> Collected data entries

+ + + +

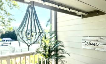 As you step into the property, guests will find a small screened in porch with comfortable seating, large ceiling fan, and TV – an ideal place to sip your morning coffee, read a book, or enjoy an evening cocktail.
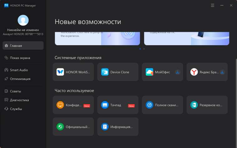 На ноутбуке установлен фирменный центр управления HONOR PC Manager, функции которого не ограничиваются настройкой схемы питания и выводом общей информации.
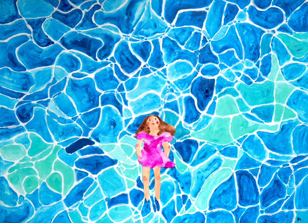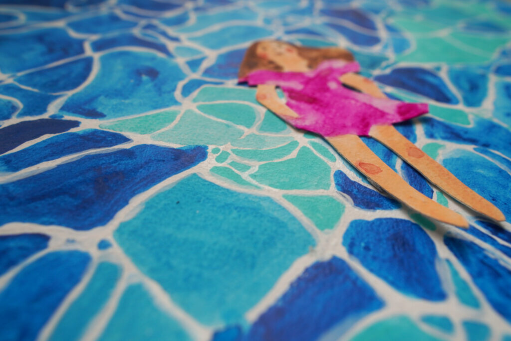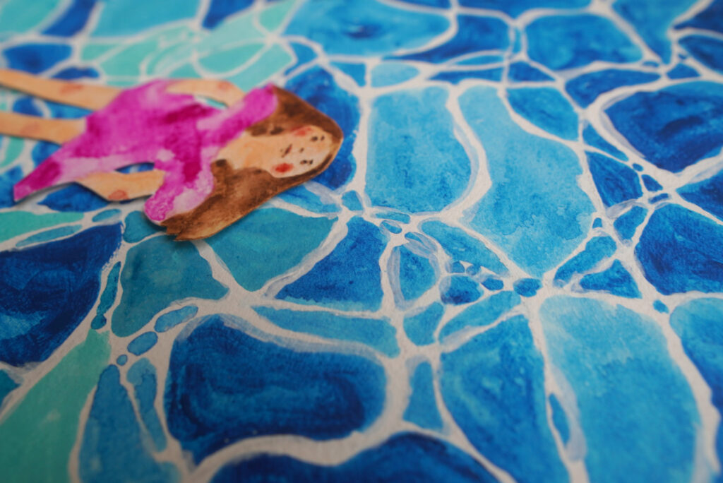 こちら、水面をアルシュに描いてから、切り絵で女の子を描いています。
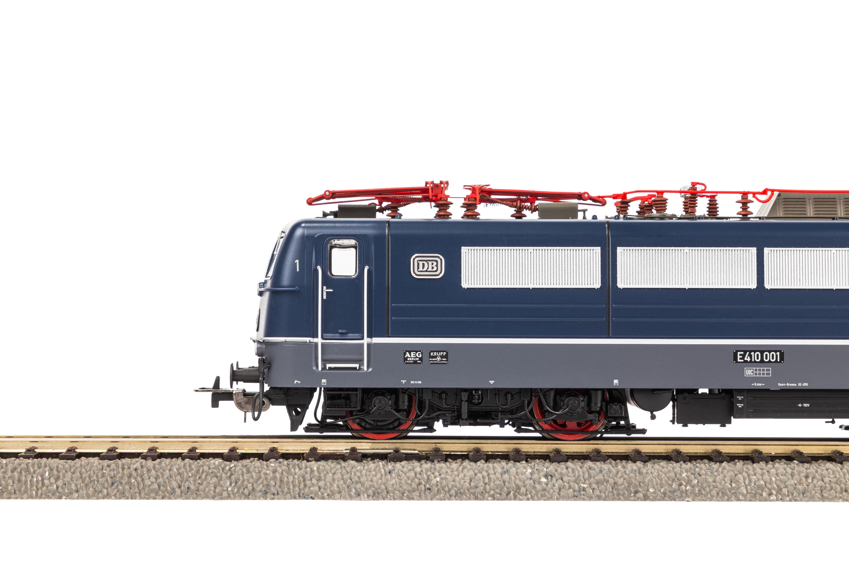 Neuheit 2025: Mit der BR E 410 bringt PIKO die als Europa-Lok bekannt gewordenen Maschinen auf die H0 Gleise. Ausgestattet für verschiedene Stromsysteme in Deutschland, Frankreich, Belgien und Luxemburg erleichterten die Maschinen den grenzüberschreitenden Verkehr merklich. Die PIKO Neukonstruktion setzt der später als BR 184 bezeichneten Lokomotive ein würdiges Denkmal. Beim Blick auf den detaillierten Dachgarten fallen direkt die vier feingliedrigen Stromabnehmer aus Metall ins Auge, welche ohne sichtbare Verschraubungen auf dem Lokdach montiert wurden. Die Seitenflächen werden durch feine Gitter und Gravuren geprägt. Durch die Tür im Führerstand fällt der Blick in den detailliert nachgebildeten Maschinenraum, welcher durch eine stimmige Beleuchtung ideal in Szene gesetzt wird. Auch die Führerstandbeleuchtung ist digital schaltbar. Beim Blick unter den Lokkasten präsentieren sich die Drehgestelle mit zahlreichen, separat angesetzten Bauteilen. Abgerundet wird der Gesamteindruck durch die saubere Lackierung und die konturenscharfe Bedruckung. Das PIKO Expert-Modell ist werkseitig mit einem PIKO PSD XP Sound-Decoder ausgestattet und verfügt über zahlreiche, fahrzeugtypische Sounds.
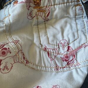 Chic slim fit jeans by True Religion. Classic blue hue. Perfect for everyday style.
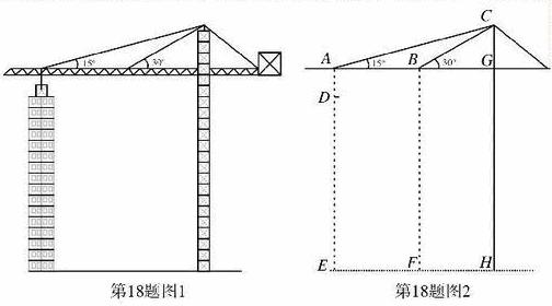 3.(2010,安徽芜湖)图1为已建设封顶的16层楼房和其塔吊图,图2为其示意图,吊臂AB与地面EH平行,测得A点到楼顶D点的距离为5m,每层楼高3.5m,AE、BF、CH都垂直于地面,EF=16m,求塔吊的高CH的长.
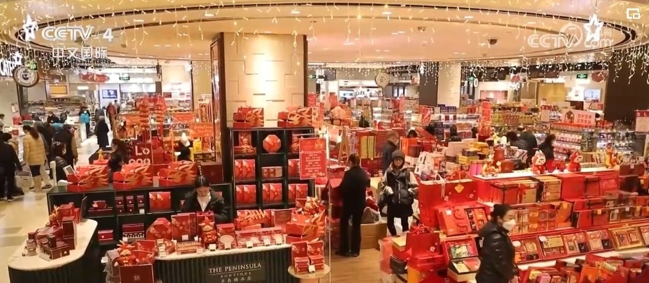 央視網(wǎng)消息:春節(jié)作為中國重要的傳統(tǒng)佳節(jié),也是居民消費旺季。這幾天,中國各地大街小巷張燈結(jié)彩,商場超市人頭攢動,鄉(xiāng)鎮(zhèn)大集年味濃厚,線上購物熱火朝天。家庭餐桌熱熱鬧鬧、“購物車”滿滿當當,“米袋子”“菜籃子”“果盤子”供應充足、價格穩(wěn)定,紅彤彤的春節(jié)市場、熱撲撲的年味兒煙火,見證著消費市場的旺盛活力。
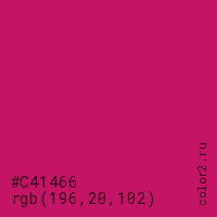 Цвет #C41466 в цветовой модели RGB обозначается тремя октетами (196, 20, 102) в десятичном формате и #C41466 в шестнадцатиричном (hex) формате, которые являются интенсивностью красного 196 (hex C4), интенсивность зелёного 20 (hex 14) и интенсивность синего 102 (hex 66).
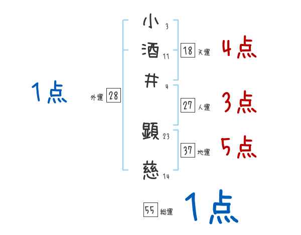 総運![]() | 小酒井顕慈さんの総運は55画の1つ星!欲張りな性格で軽率な行動に注意しましょう。病気に気をつけて。 あなたの人生を表す1番重要な運勢です。生涯を通じて影響する総合運となり、主に50歳以降の晩年期に影響を及ぼします。 |

+ + + +

> PROBLEM TO WORK ON
Pictures are to be dropped; the lines from the start of the entries above through the line with "На ноутбуке установлен" are to be given again verbatim.

> SOLUTION BELOW
 As you step into the property, guests will find a small screened in porch with comfortable seating, large ceiling fan, and TV – an ideal place to sip your morning coffee, read a book, or enjoy an evening cocktail.
 На ноутбуке установлен фирменный центр управления HONOR PC Manager, функции которого не ограничиваются настройкой схемы питания и выводом общей информации.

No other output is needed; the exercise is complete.